WWW- Her body (naked except for the itsy-bitsy area covered by a black thong) was all natural, and the long tan stretch of her was grinding and pumping on a small stage in a Bourbon Street club, her streaked hair whipping her shoulders. At times she fell on her flat, tattooed belly, writhing and arching. Other times she dropped to her haunches to brush the stage with that thong. It was enough to make a blind man spill his coffee-but way short of what it takes to distract the editor of Corporate Board Member from his appointed rounds. I was there to get the scoop on how corporate reforms have affected Rick’s Cabaret International Inc., a publicly traded chain of 10 topless clubs and an operator of various adult websites; to learn what its board members tell their families about the nature of the business; and to discover how the company keeps organized crime from muscling in.
My host this late afternoon in New Orleans was Robert Watters, 54, co-founder, board member, and former chairman and CEO of Rick’s. He was happy to address all these questions. So was Eric S. Langan, 37, who took over the two top jobs from Watters in 1999. Both say the Sarbanes-Oxley Act and other corporate reforms are a financial burden for a company the size of Rick’s. Last year, according to Langan, the company spent $350,000 on compliance (“accounting, lawyers, etc.”)-a lot for an outfit that earned $800,000 on revenues of $16 million over the same period. Still, at least he sees an upside: “The cost of reform is my motivation to get bigger.
It forces us to expand.”
Forget any embarrassment about the industry. Both men, in fact, have put relatives on the payroll. Langan brought in his mom, a librarian, “to help sort out the books,” and Watters signed up his mother-in-law as CFO. Langan’s father, a former Peoria, Illinois, cop who went on to form his own construction company in Texas, has helped build a couple of the clubs. And Watters also once hired his oldest son, Nick, a 19-year-old college student at the time, as an assistant manager. That didn’t work out, thanks to the aggressive courting habits of certain co-workers. “Sexual harassment works in the opposite direction in this industry,” says Watters. “Managers can’t afford to stand still for a second. I had to fire him.”
As for the Mafia muscling in, Langan asks, “Why would they? We’re a credit-card business, so there’s no cash and no opportunity to launder money. Besides, we’re under constant supervision by the authorities. We may be the most watched-over business in the country.” Watters isn’t so categorical, even hinting at failed attempts by criminals to get a piece of the company in its earlier years: “I mean, they clearly have tried.”
Watters and Langan came to the topless business by very different paths. Watters, the son of a Canadian diplomat for the United Nations, was a tax lawyer at Deloitte & Touche in Houston back in 1993 when a client, an Arab oil trader, “went belly-up. For better cash flow, he said he wanted to convert a disco he owned into a topless club and wanted me as a partner. I agreed, but I have to say, I was shocked. I didn’t set foot in the place for a year.”

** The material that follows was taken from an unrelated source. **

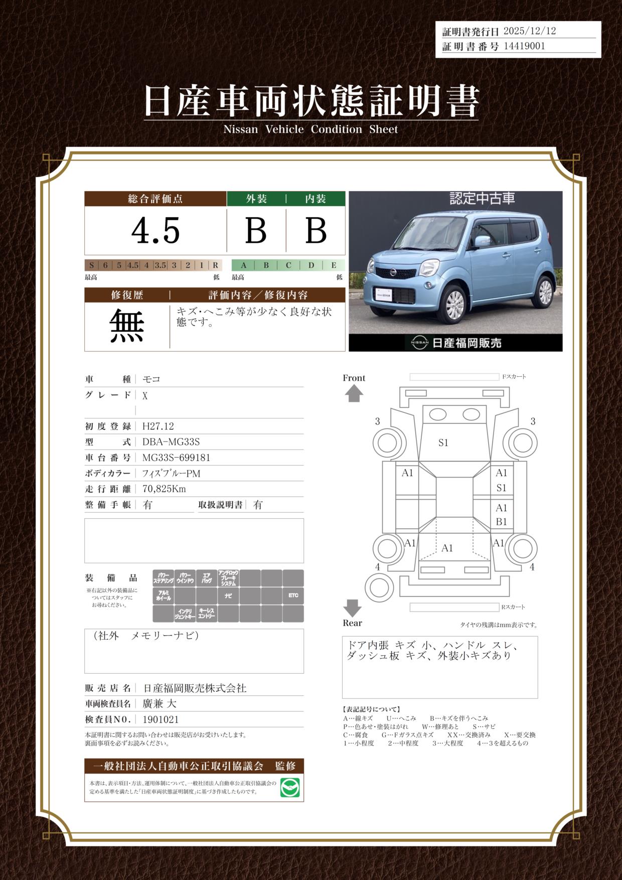 現状括弧書き内の年月まで車検有効期限が残っていますが、ご成約時に新しく車検を取り直します。なお取り直しの費用は車両価格に含まれています。

Langan showed no such early resistance. Four years earlier, at the age of 20, he had entered the industry with the same gusto he’d applied to collecting baseball cards as a teenager. He had a girlfriend who worked as a dancer at a club, and he noticed how much money her boss-“a complete idiot,” in his opinion-was pulling in. Langan sold his baseball cards for about $40,000 and used the money to reopen a closed-down topless club in Fort Worth, Texas. The neighbors didn’t like the club, or even his efforts to improve it. He was arrested 13 times for zoning violations. With a “silent partner,” he says, he moved to Arlington, Texas, home of the baseball Rangers, and opened a more upscale place. By the end of 1993, the silent partner had moved on and Langan was running clubs in Houston, Austin, and San Antonio. He called his company Taurus, and the clubs XTC.

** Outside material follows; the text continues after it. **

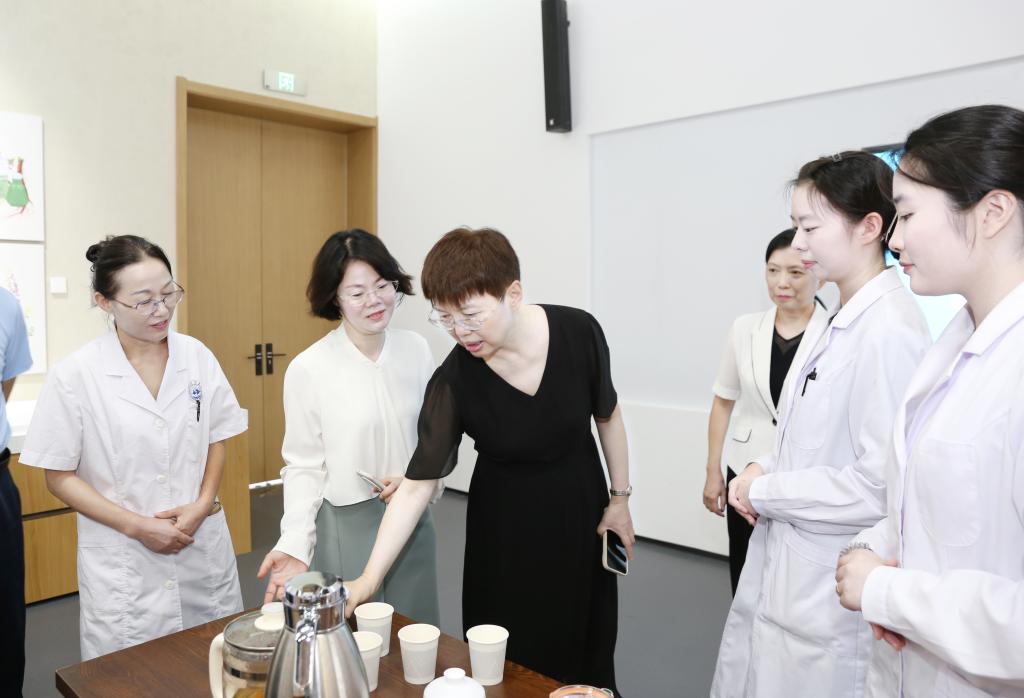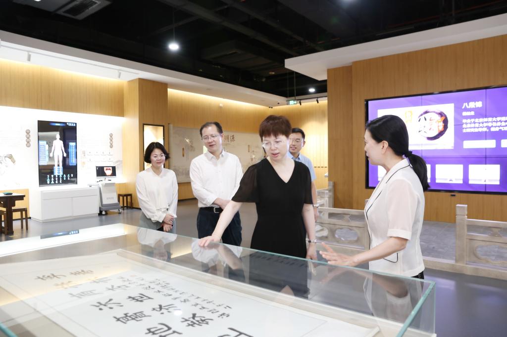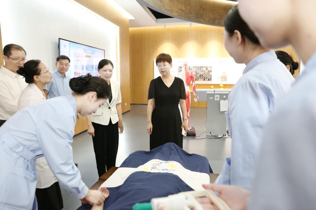 曹玉梅首先来到我校智慧医护实训基地。在中医实训区,曹玉梅观摩了全息针灸经络腧穴教学系统、中医临床思维训练系统,以及现代化中医教学场景,对beat365引入现代科技手段培养高素质中医人才的做法表示赞许。在中药实训区,曹玉梅与正在备战技能大赛的学生亲切交流,预祝他们在比赛中取得好成绩。在数字生命科学馆,曹玉梅听取了生命科学馆开放情况介绍,充分肯定了beat365推动优质资源共建共享的创新探索。

Langan was a hands-on CEO from the start, a habit that has stuck. A recent Saturday found him painting a new club in Charlotte, North Carolina, the same rich maroon as its sibling establishments. He gets the paint from Home Depot. Watters, on the other hand, remained at arm’s length all that first year. But then he began to stop by the club and saw with a sense of awe that “people were actually having fun,” something rarely said of those patronizing a tax lawyer. He decided to quit Deloitte and turn full time to his new calling. After years of dispensing advice, he says, he now had a chance to play an active role in something, and he threw himself into it. “I basically lived in the club,” he recalls. “I was in the kitchen. Behind the bar. At the door. Learning all I could.”

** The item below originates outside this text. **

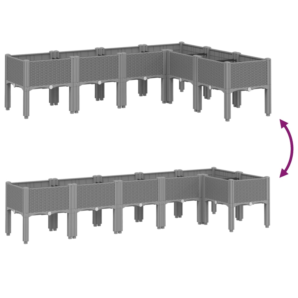 Vaso/floreira de jardim c/ pernas 160x120x42 cm PP cinza-claro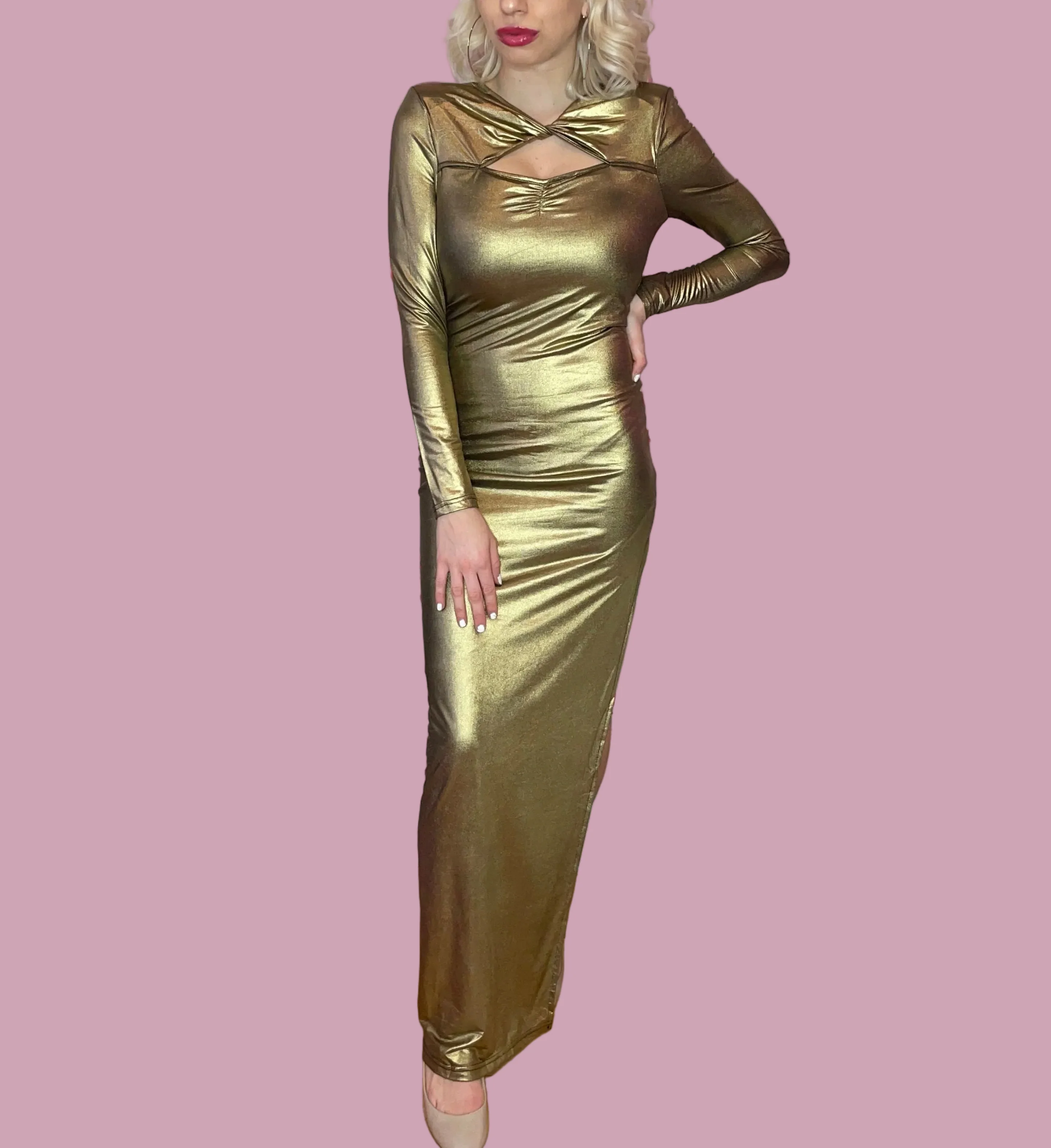Turn heads and steal the spotlight in the Metallic Long Sleeve Gown. This show-stopping maxi dress features a luxurious metallic finish that catches the light with every movement, creating an unforgettable glamorous effect. The long sleeves add sophisticated coverage while the floor-length silhouette creates an elegant, elongated look perfect for your most special occasions.

He learned a lot-not least that behind the scenes, selling fun was all business, and that business in that particular club could be done a lot better. For example, “even though the place was really popular-there were lines outside with people waiting to get in-we didn’t have a cover charge.” More critically, “there were the dancers and how they were compensated. They had to pay commissions at the end of their shifts to just about everybody in the club-the managers, the bartenders, the DJs, the kitchen help, and the host mother.” The last, he explains, is someone who “helps the dancers with their hair, sews on buttons.” [What buttons? -Ed.] “This left the dancers feeling they worked for all those people rather than the club,” Watters says. “We had lost the ability to control their behavior.” The “we” at this point included Watters, the oil trader, and a Cajun businessman, but Watters was running the operation.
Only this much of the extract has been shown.